What happens when you get acupuncture? When you come in for treatment of muscular pain, immune dysfunction, fatigue or other ailment, some additional benefits can be better sleep and improved digestion, as acupuncture taps into the body’s own healing mechanisms. There are many variables on how a person will respond; one person may feel better in a few hours, while the next person may need three or four acupuncture sessions to notice significant pain relief. Further, each session builds on the next, which means the effects are cumulative.
A common understanding in the West is that acupuncture works by way of a biological energy field called Qi. Qi has a few definitions and one of them -used most widely in the attempt to explain how acupuncture works- is energy. As we know, energy is in everything, and at a quantum level we are ALL ENERGY. . . This is NOT WHY acupuncture works. It can be observed that this ‘field’ is grounded in physical components. With increasing evidence of its clinical effects and the current understanding of anatomy and physiology, there is no doubt acupuncture needles stimulate a chemical response in the body.
These processes start in the connective tissue where the needle is inserted. Every square inch of you is alive. Specific connective tissue, called fascia, surrounds muscle fibers, groups of muscles, blood vessels, and nerves as it extends uninterrupted from the head to the tips of your toes. This fascia is responsive to needles and has been shown to wind around an acupuncture needle, stimulating a stretch response.
Essentially, this microscopic stretch pushes certain buttons in the body.

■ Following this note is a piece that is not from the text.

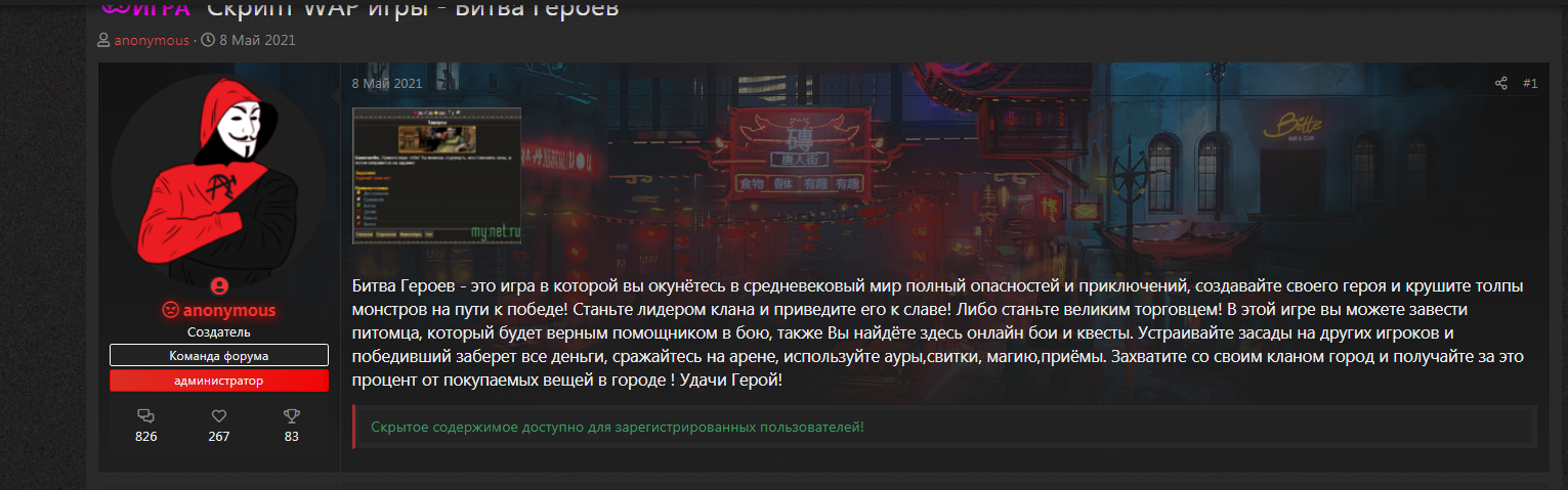 Алексей , я честно не помню, я его на сайте со скриптами находил, причем я видел твою изначальную версию игры, там был коричневый диз. Я даже приблизительно не помню какая версия была, явно дрянная, так как скрипт года 15-16, явно что не семерка
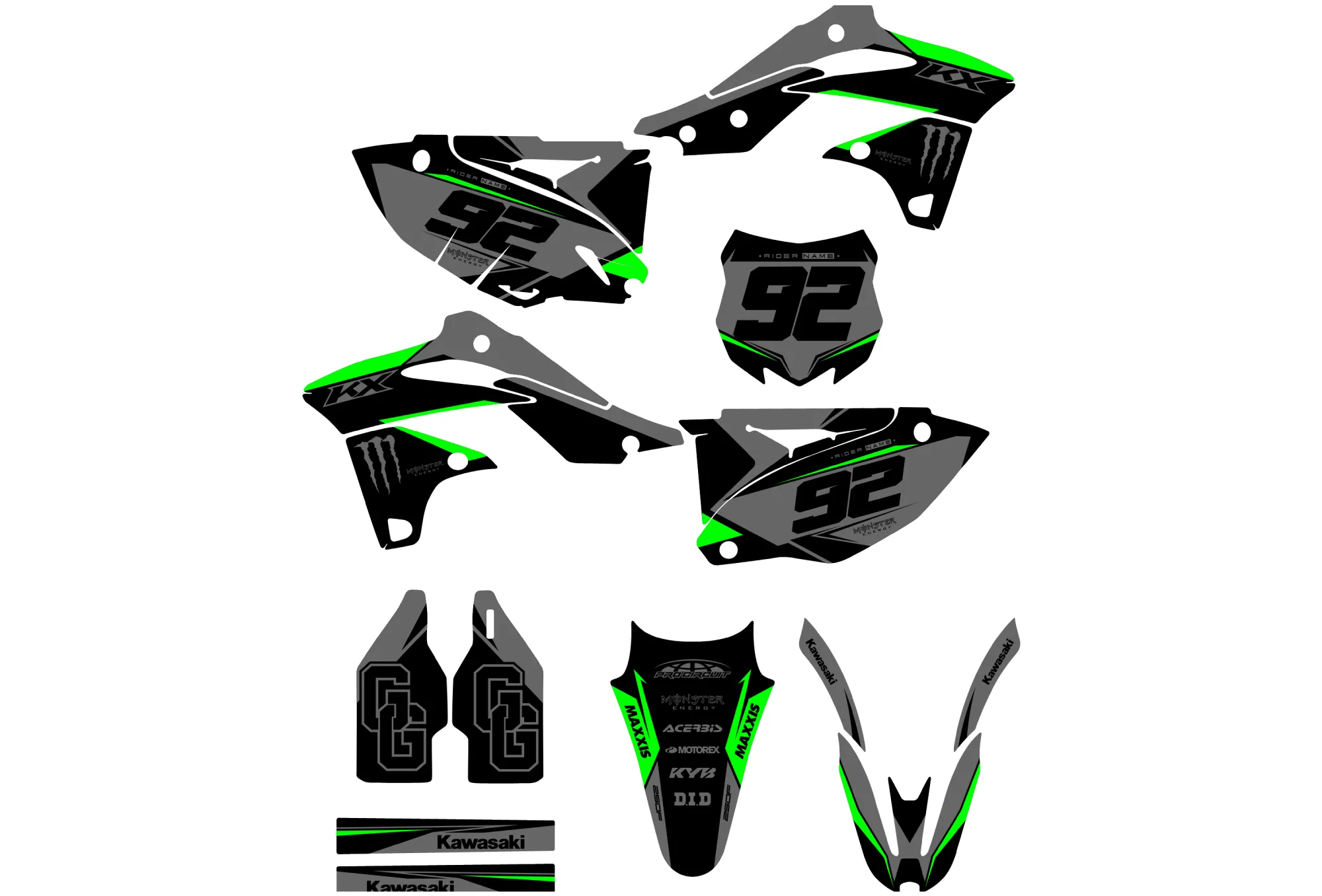 Pour une personnalisation encore plus poussée, vous pouvez customiser votre Kit déco Kawasaki 450 KXF (2012-2015) – Race Vert avec nos différentes options comme la base du Kit déco, la finition et pourquoi pas ajouter votre pseudo ou bien changer le numéro.

Immune cells, called fibroblasts, signal nerve cells which then activates the movement of chemicals and hormones. Depending on what needs to be regulated, the signal will relax a structure or release hormones and chemicals.
The World Health Organization (WHO) and the National Institute of Health (NIH) have performed clinical studies on the effects of acupuncture and have developed the following 5 theories of how it works, in modern scientific terms.
Brain Chemical Balance: Acupuncture affects higher brain areas, by way of sensory neurons, stimulating the secretion of endorphins in the brain and spinal cord.
Autonomic Nervous System Theory: Acupuncture stimulates the release of natural opioids, which normalizes the autonomic nervous system and reduces pain.
Gate Control Theory: Acupuncture activates receptors that stop the pain cycle.
Vascular-Interstitial Theory: Acupuncture affects the electrical system by creating or enhancing transportation circuits in tissues which speeds up healing.
Blood Chemistry Theory: Acupuncture affects the triglycerides, cholesterol and phospholipids suggesting that it can regulate the blood components, thereby regulating the body towards homeostasis.
Acupuncture has a direct effect on the central nervous system, enabling our own chemicals to get us out of the stressful and inflammatory state of “fight or flight” and into rest and digest. Acupuncture commonly induces a sense of peace and energy similar to that of meditation, as it turns on the miracle of the body’s own mechanisms.